What needs to be done
Output, exactly as written, the lines below from the one that has "Boldog karácsonyt! - piros-zöld" through the one that has "- For supersonic"; nothing else, and no pictures.

Data provided
^^^^

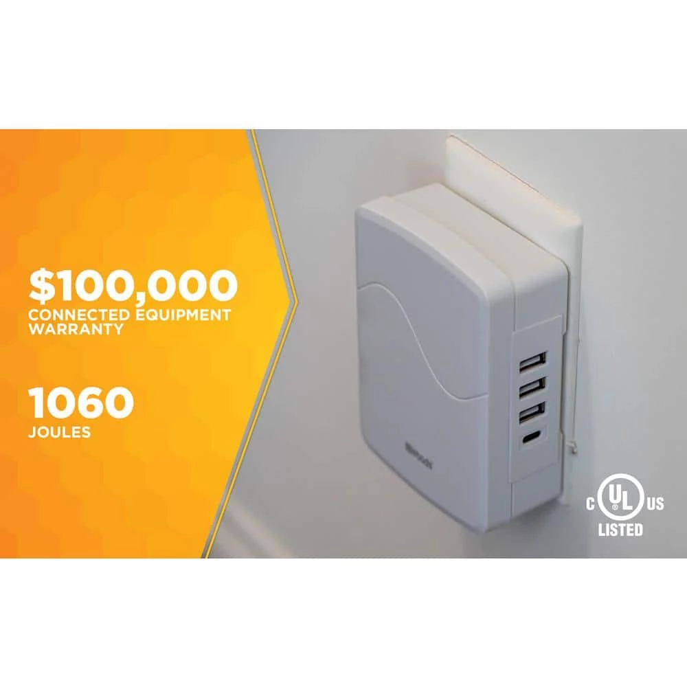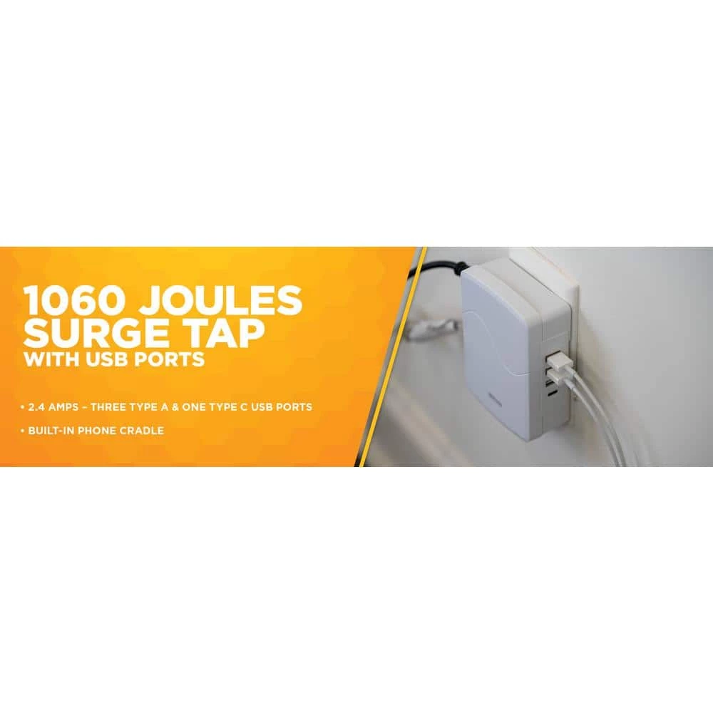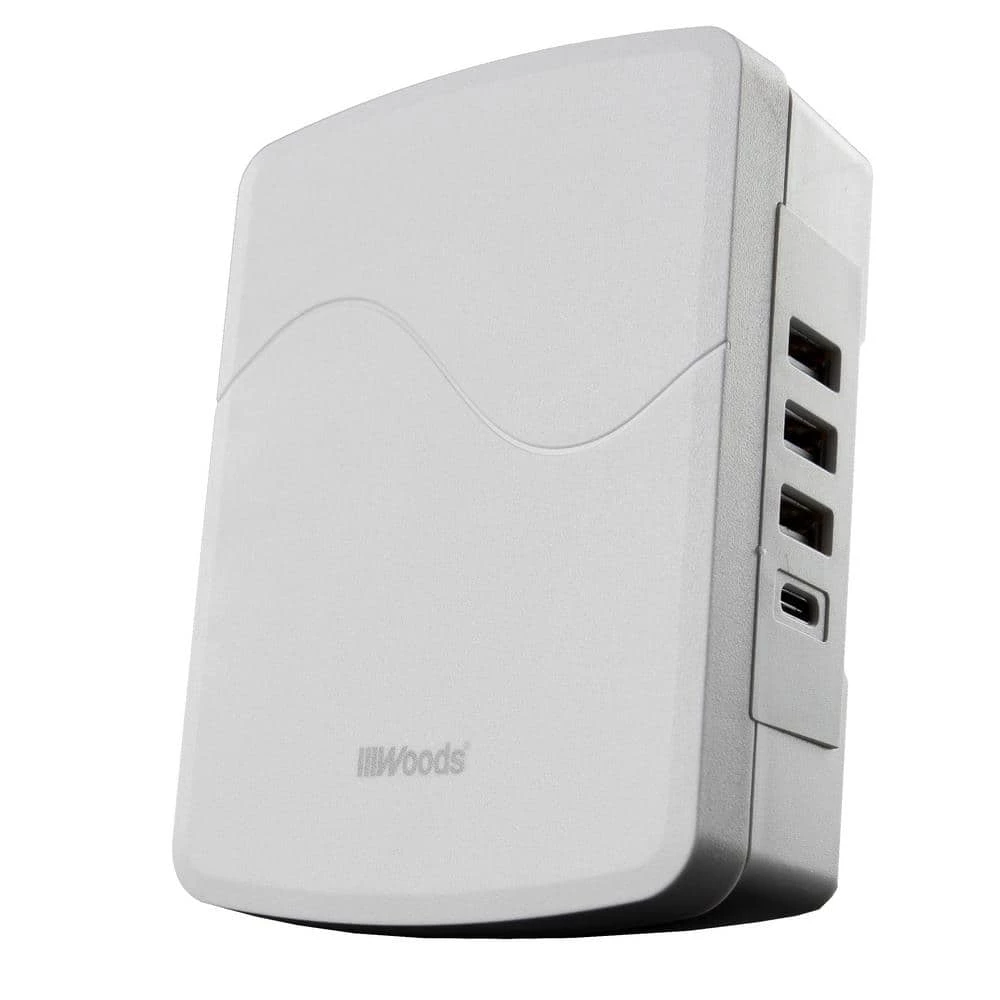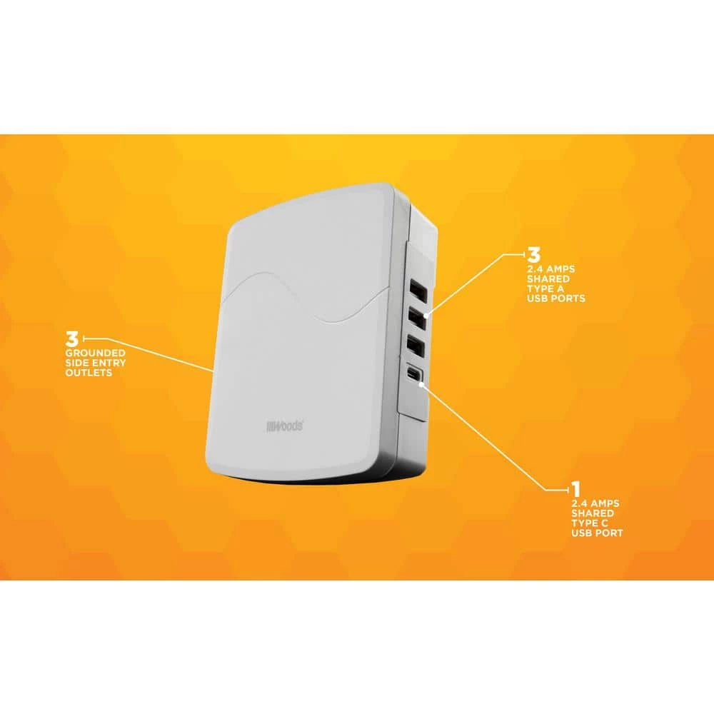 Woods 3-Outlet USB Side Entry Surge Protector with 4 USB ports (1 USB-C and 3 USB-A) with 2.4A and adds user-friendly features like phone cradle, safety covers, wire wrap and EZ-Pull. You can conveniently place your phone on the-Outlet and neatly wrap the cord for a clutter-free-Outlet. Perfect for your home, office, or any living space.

^^^^

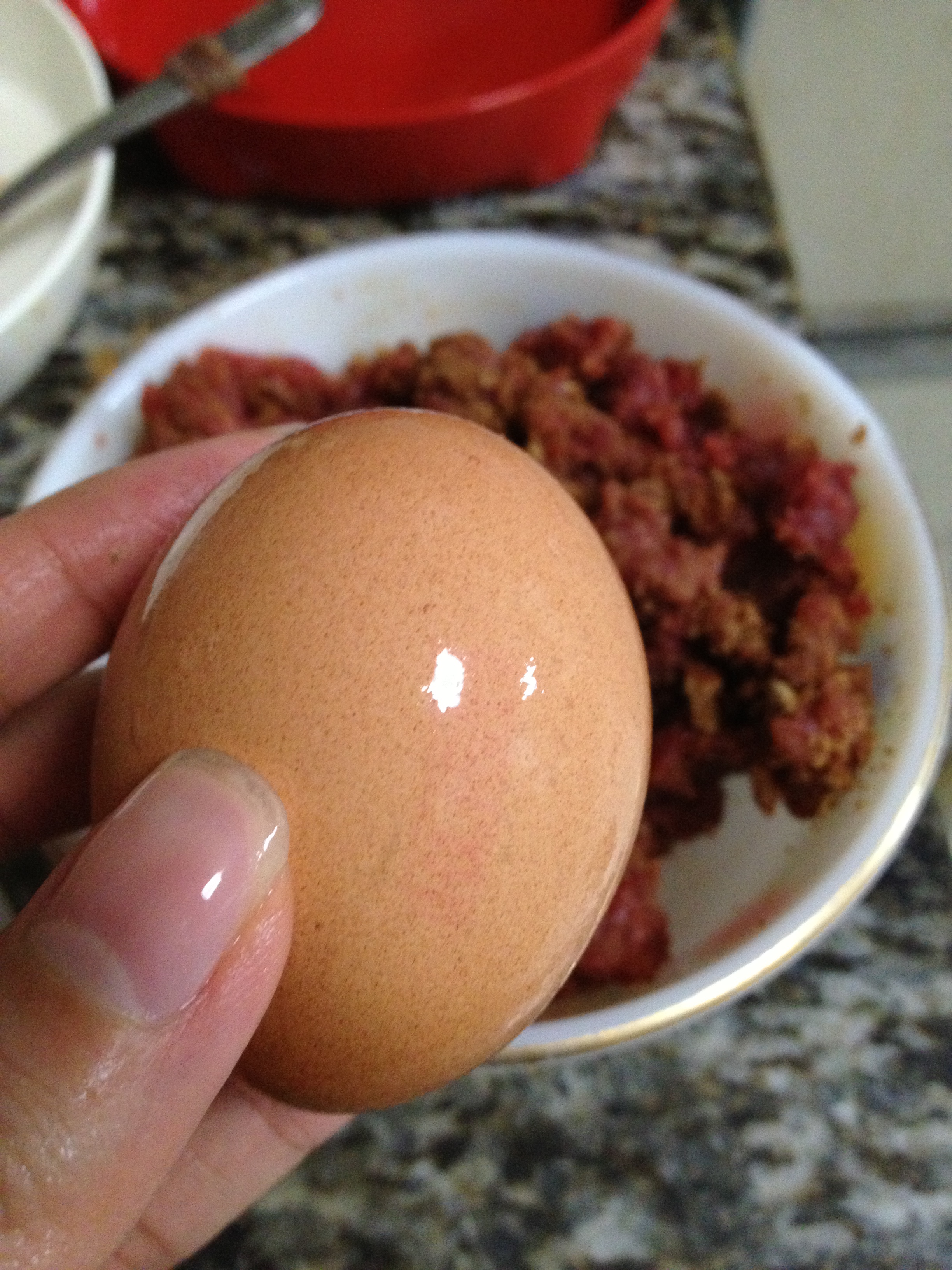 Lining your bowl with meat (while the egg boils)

^^^^

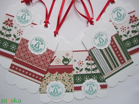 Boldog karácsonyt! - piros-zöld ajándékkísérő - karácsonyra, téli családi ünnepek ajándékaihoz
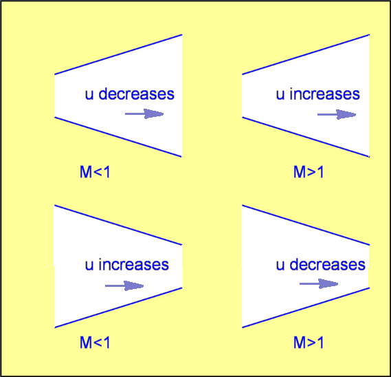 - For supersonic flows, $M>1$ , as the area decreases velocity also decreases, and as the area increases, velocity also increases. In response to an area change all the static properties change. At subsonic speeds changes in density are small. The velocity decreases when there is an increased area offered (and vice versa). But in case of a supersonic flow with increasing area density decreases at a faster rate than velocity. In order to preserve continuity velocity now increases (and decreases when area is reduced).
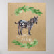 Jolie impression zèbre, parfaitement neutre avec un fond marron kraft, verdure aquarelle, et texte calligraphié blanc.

^^^^

Answer below
 Boldog karácsonyt! - piros-zöld ajándékkísérő - karácsonyra, téli családi ünnepek ajándékaihoz
 - For supersonic flows, $M>1$ , as the area decreases velocity also decreases, and as the area increases, velocity also increases. In response to an area change all the static properties change. At subsonic speeds changes in density are small. The velocity decreases when there is an increased area offered (and vice versa). But in case of a supersonic flow with increasing area density decreases at a faster rate than velocity. In order to preserve continuity velocity now increases (and decreases when area is reduced).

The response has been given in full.